=== INPUT RECORDS ===
* * * * * * * * *

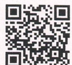
QR-Code เพื่อจองห้องพัก

โทรศัพท์: ๐๒-๔๒๒-๙๒๒๒ E-mail : rsvn@royalriverhotel.com
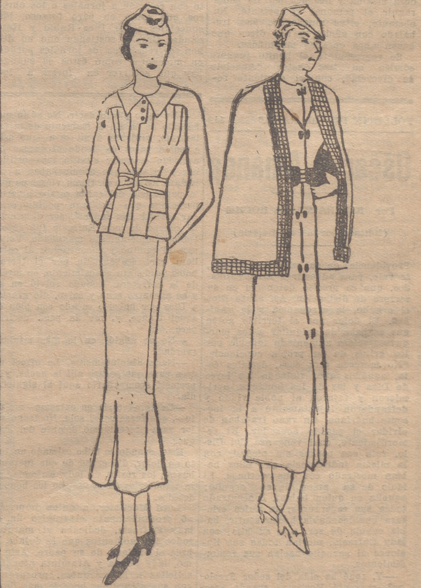
Trajecito sastro de franela gris cuadrículada del mismo tono. Blusa de piqué blanco. Botones de cristal. Cinturón del mismo tejido. — Conjunto de lana color tabaco. Clips de madera color marrón.
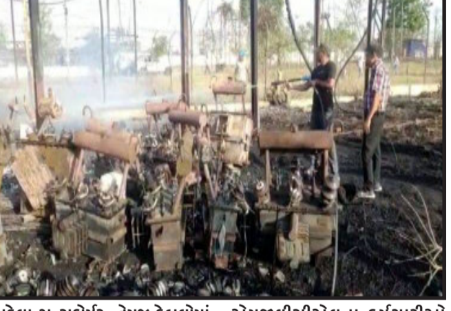
પડેલા ટ્રાન્સફોર્મર, તેમજ કેબલોમાં આગના ફાટાળા

સ્થળે દોડી આવ્યા હતા અને આ આગના બનાવની જાણ દાહોદ અગત્યસમક ઇન્જનેરીના અગત્યસમક ઇન્જિનિયરના કર્મચારીઓ ઘટનાસ્થળે પહોંચી આગ પર પાણીનો મારો ચલાવી આગને ઓલવી મોટી હોનારત સર્જતા બચાવી લીધી હતી. જોકે, આગના બનાવના પગલે દાહોદના મોટાભાગના વિસ્તારોમાં વીજ પુરવઠો બંધ થઈ જતા દાહોદના શહેરીજનોને હાલાકીનો સામનો કરવો પડ્યો હતો. આગના બનાવના પગલે એમજીવીસીએલ કંપનીને અંદાજે લાખો રૂપિયાનું નુકસાન પહોંચ્યું હતું.
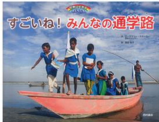
すごいね!みんなの通学路 ローズマリー・マカーニー／著・文 西田 佳子／訳 西村書店
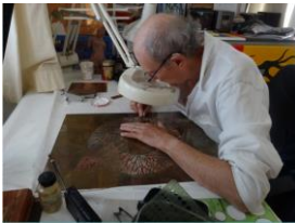
L'artista Egide nel suo studio a Muralto, 2019
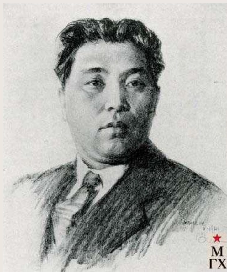
Ким Ир Сен (КНДР)
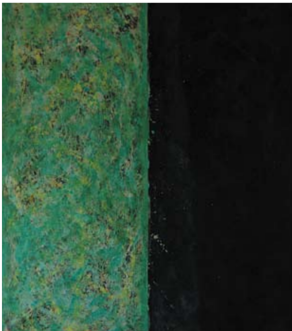
Farbraumfraktur, grün 210 x 180 cm, Acryl auf Leinen, 1998 - 2004
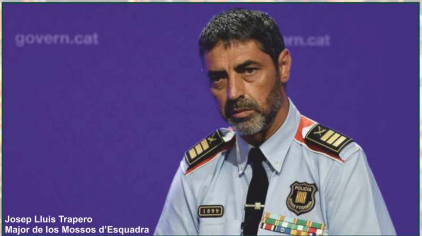
Josep Lluís Trapero Major de los Mossos d'Esquadra
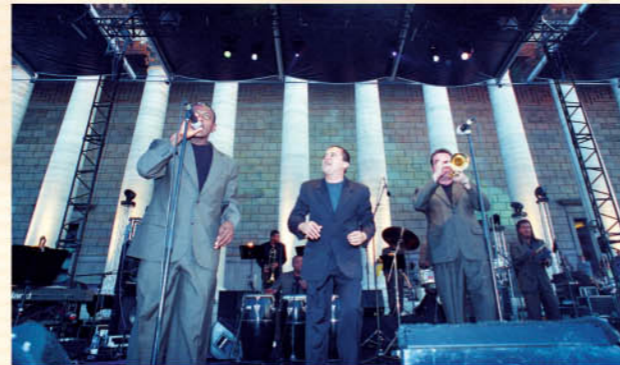
Yuri Buenaventura sur scène

Mais la passion de la musique se vit également au quotidien. C'est pourquoi, le 29 octobre, l'Assemblée a accueilli, pour la première fois au Palais Bourbon, les Assises nationales des jeunes musiciens, manifestation organisée par la Confédération musicale de France (CMF), qui rassemble 700 000 personnes à travers 5 500 écoles ou associations. Lors de cette journée, conclue par un concert donné dans la Galerie des fêtes, 200 jeunes, venus de toutes les fédérations musicales régionales de France, se sont retrouvés pour partager leurs expériences et leur engagement associatif autour d'une passion commune : la musique.
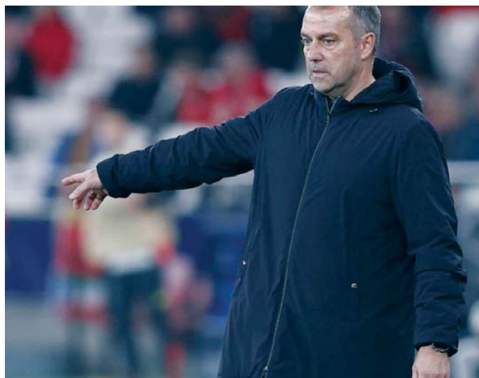
El técnico blaugrana, Hansi Flick, dirige al equipo durante un partido reciente.

Los Blaugranas ya estuvieron en esta ronda la temporada pasada y soñaron incluso con las semifinales tras vencer al PSG en París (2-3). Sin embargo, la expulsión de Ronald Araújo cambió el rumbo de la eliminatoria y los de Luis Enrique avanzaron con un 4-1 en la vuelta. Esta temporada, la situación es diferente. El Barcelona de Hansi Flick se ha mostrado más sólido y ha ajustado sus piezas para competir en todos los torneos. Son líderes en LaLiga, siguen con vida en la Copa del Rey y llegan con ventaja a la vuelta de los octavos de final tras ganar 0-1 en Lisboa.
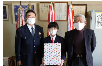
町ソルバードライブクラブ様からの贈呈物
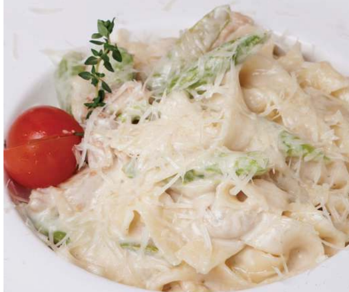
ФЕТУЧИНИ С ИНДЕЙКОЙ И ЗЕЛЕННОЙ СПАРЖЕЙ
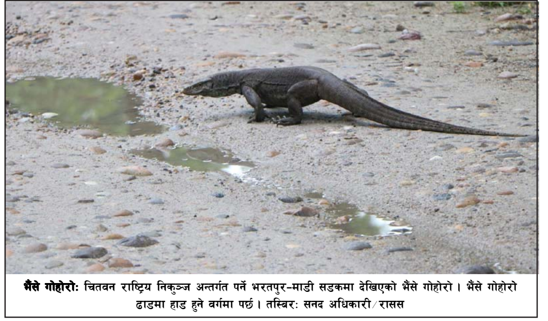
भैसे गोहोरो: चितवन राष्ट्रिय निकुञ्ज अन्तर्गत पर्ने भरतपुर-माडी सडकमा देखिएको भैसे गोहोरो। भैसे गोहोरो डाडमा हाड हुने वर्गमा पर्छ।

इजरायली सेनाले आक्रमणकारीको नाम उल्लेख नगरी अप्रिलदेखि पूर्वबाट थुप्रै हवाई आक्रमणहरू भएका बताउँदै, तर ती सबैलाई यसको हवाई क्षेत्रमा प्रवेश गर्नु अघि रोकिएको पुष्टि गरेको छ। रासस
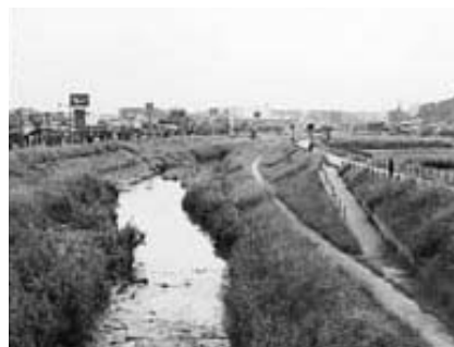
水辺は安らぎの散歩道
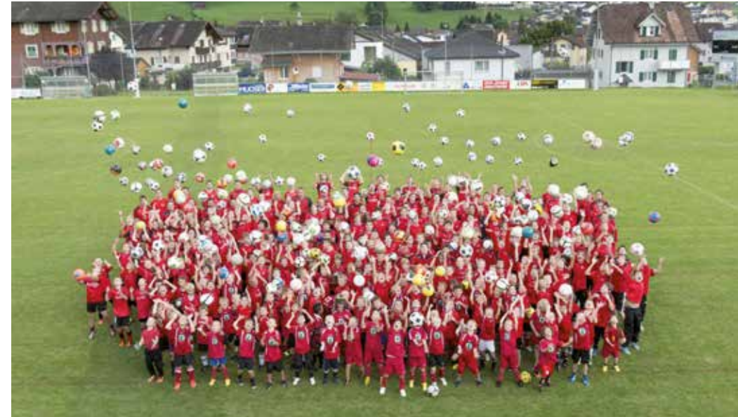
Der FC, der grösste Sportverein in Schattdorf.

Ein solcher Kunstrasenplatz der heutigen Generation kostet – selbst ohne grossen Schnickschnack – insgesamt rund 1,7 Millionen Franken. Neben der Hauptleistung, dem Kunstrasen an sich, sind es insbesondere der Unterbau, die Drainage, Bewässerung und die baulichen Anpassungen, die zu Buche schlagen. Weil der FC Schattdorf trotz der grosszügigen Unterstützung des Kantons mit 500'000 Franken und einer Eigenfinanzierung, die sich aus Sponsoringbeiträgen, Eigenleistungen und Fremdkapital zusammensetzt, nur einen Teil dieser Gesamtkosten stemmen kann, ist er auf die
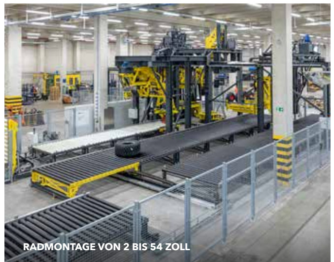
RADMONTAGE VON 2 BIS 54 ZOLL

An eigenen Montageplätzen montieren wir schnell und fachgerecht pro Tag bis zu 800 Räder von 2 bis 54 Zoll. Von einfachen Schubkarrenrädern über Komplettäder für Traktoren bis hin zur Sprengringmontage für Erdbewegungs- und Industriereifen. Im Bereich Flotation sind wir der einzige Lieferant in Europa, der eine rundlaufoptimierte Montage aller ausgelieferten Räder anbietet.
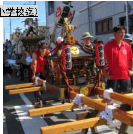
「子ども御神輿」の出発、続いて「南街睦御神輿」も出発
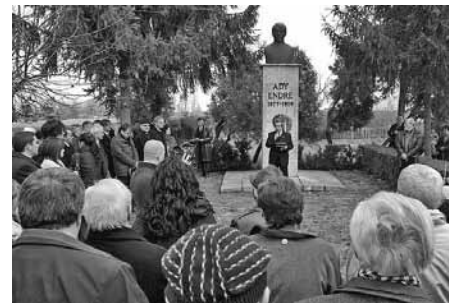
Ünnepség Ady szobránál
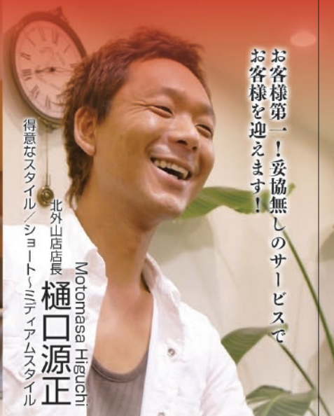
得意なスタイル / ショートミディアムスタイル
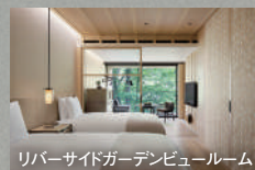
リバーサイドガーデンビュールーム

※ガストロノミーレストラン「レックハウス」での 夕食をご希望の場合は予約時にご相談ください。
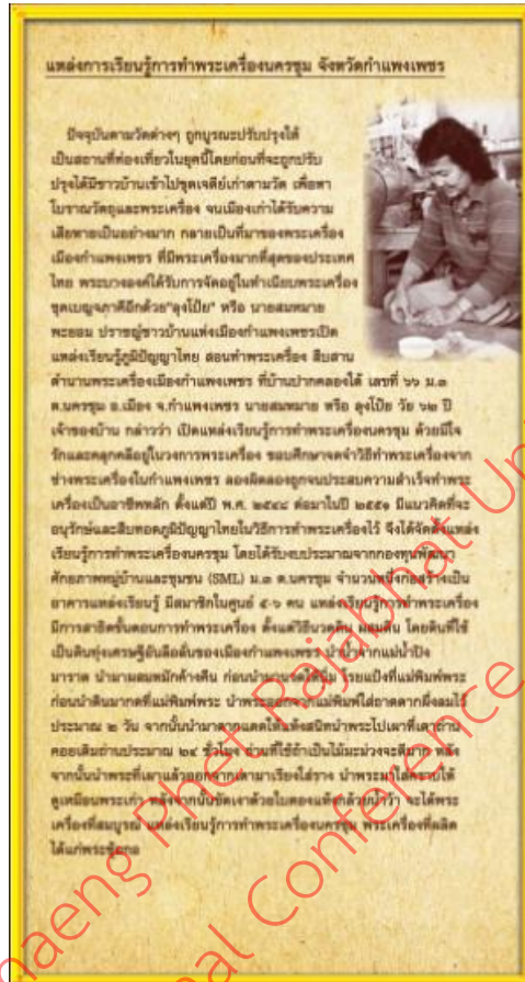
ภาพที่ 2 รูปแบบที่ 2 เนื้อหาด้านข้อมูลประชาสัมพันธ์
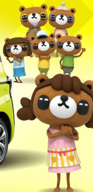
PHOTO: X (ハイブリッド車)、ボディカラーのブラックマイカ(209) × エアーイエロー(586) [2SH] はメーカーオプション。
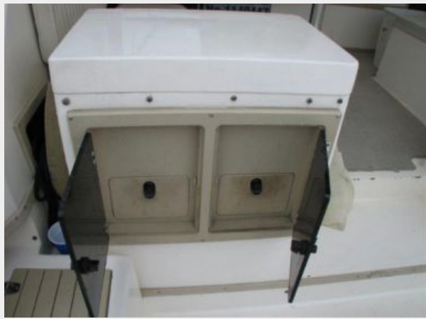
Cockpit / Fishing Equipment 5 - Tackle Storage
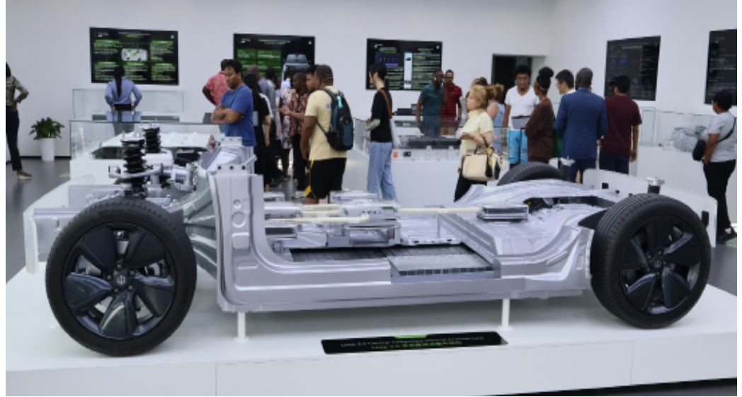
Iyo ni ishusho yerekana imodokari iriko irakorwa hamwe n'intambuko z'ibanze z'ikorwa ry'imodokari. Aho ni mu ruganda rw'imodoka LEAPMOTOR

Uburyo ico kibuga ccubatswemwo ni igitangaza. Kigize kuba kinini cane (gifise ubwinjiriro 3 aho ingenzi zishikira zikongera zigategerera indege), kikagira ubukomezi mu nyubako, kikagira isuku.
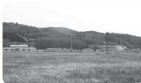
◀総合運動公園未整備地

陸上競技場整備については、現在の子定では合併11年目となる平成28年度の着工、平成32年度の完成となっている。合併10周年記念事業に位置付けが可能かどうか、今後庁内で協議していきたい。
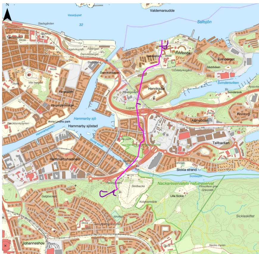
Figur 1. Karta över området. Det lila strecket visar tunnelns sträckning

Stockholm Vatten AB planerar att bygga en dagvattentunnel, Nya Östbergatunneln, från Hammarby höjden i Stockholm via Sickla i Nacka och ut i Saltsjön vid Finnroda. Syftet med Nya Östbergatunneln är att avlasta reningsverket i Henriksdal. Utbyggnaden av dagvattentunneln planeras ske mellan 2022 och 2025. En del av kommunens stadsbyggnadsprojekt på Västra Sicklaön, främst Henriksdal, Danvikshem och Finnroda varv kan komma att beröras.
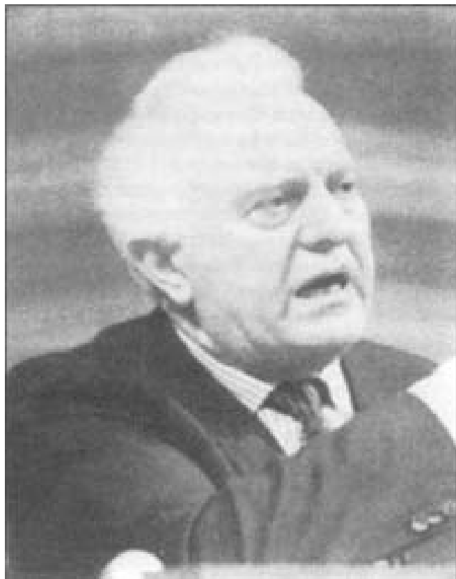
She rardoud-.e loganbuille ono irungo du latemi-urteI'o arte-e monetaruko.

Laterri Batuetatik eta Europa'tik diru laguntza gitxi artuko dabe Errusia barruan gauzak geiago zuzendu arte.
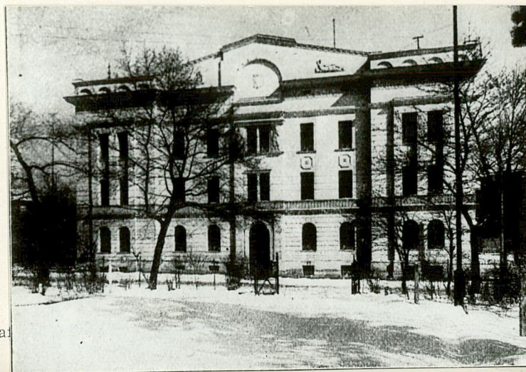
Jedn. PWHz. 1428/S O.Z.Gra

Monographien Deutscher Städte /pr.zbior./ - Tom XVI: Waldenburg in Schlesien. Berlin 1925 - str. 353. ↴
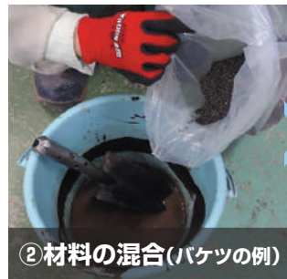
②材料の混合(バケツの例)
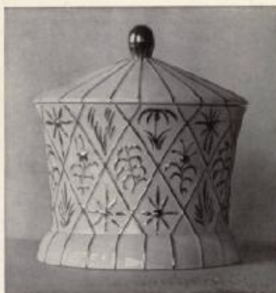
DAGOBERT PICHE - DOSE - KERAMIK. WIENER WERKSTÄTTE.
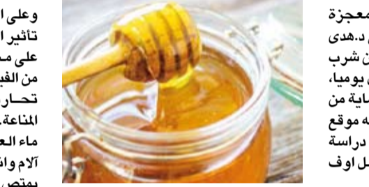
ماء العسل يساعد على التخلص من الآم وانتفاخ البطن

وعلى الرقيق، مشيرة إلى أن ماء العسل لديه تأثير المضادات الحيوية ويحتوي أيضاً على مضادات الأكسدة، فضلاً عن العديد من الفيتامينات والمعادن والإنزيمات، التي تحارب البكتيريا وبالتالي تقوية جهاز المناعة. وأز دفت: أفادت الدراسة أن استعمال ماء العسل يومياً يساعد على التغلب على آلام وانتفاخ البطن، لأن هذا السائل الصحي يمتص الغازات المتواجدة في الأمعاء ويخفف من الأوجاع. واختتمت: ماء العسل هو عبارة وصفة بسيطة للغاية، تتمثل فقط في مزج ملعقة من العسل الصافي مع ماء دافئ ينصح بشربه في الصباح الباكر على معدة فارغة.
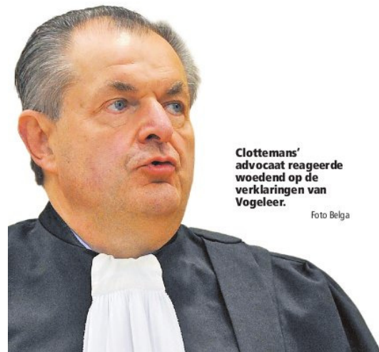
Het Belang van Limburg , 13/10/10, p. 2
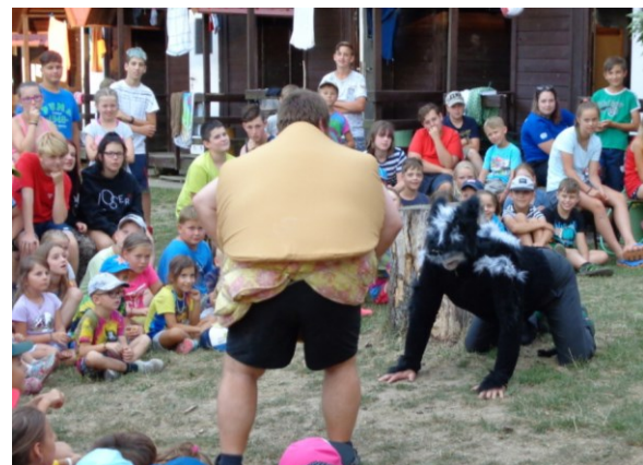
... kde potká vlka, kterému uteče ...
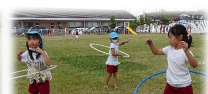
フープまわしにチャレンジ(用具を使って)
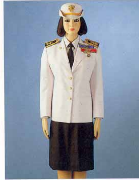
เครื่องแบบเต็มยศข้าราชการพลเรือนระดับจัตราภรณ์มงกุฎไทยร่วมกับเบญจมาภรณ์มงกุฎไทย

* * * * * * * * *

=== WORK ORDER ===
Starting with the first line of the data above and ending with the line containing "Trajecito sastro de", please restate every line exactly, leaving images out.

=== REPLY TO THE TASK ===
QR-Code เพื่อจองห้องพัก

โทรศัพท์: ๐๒-๔๒๒-๙๒๒๒ E-mail : rsvn@royalriverhotel.com
Trajecito sastro de franela gris cuadrículada del mismo tono. Blusa de piqué blanco. Botones de cristal. Cinturón del mismo tejido. — Conjunto de lana color tabaco. Clips de madera color marrón.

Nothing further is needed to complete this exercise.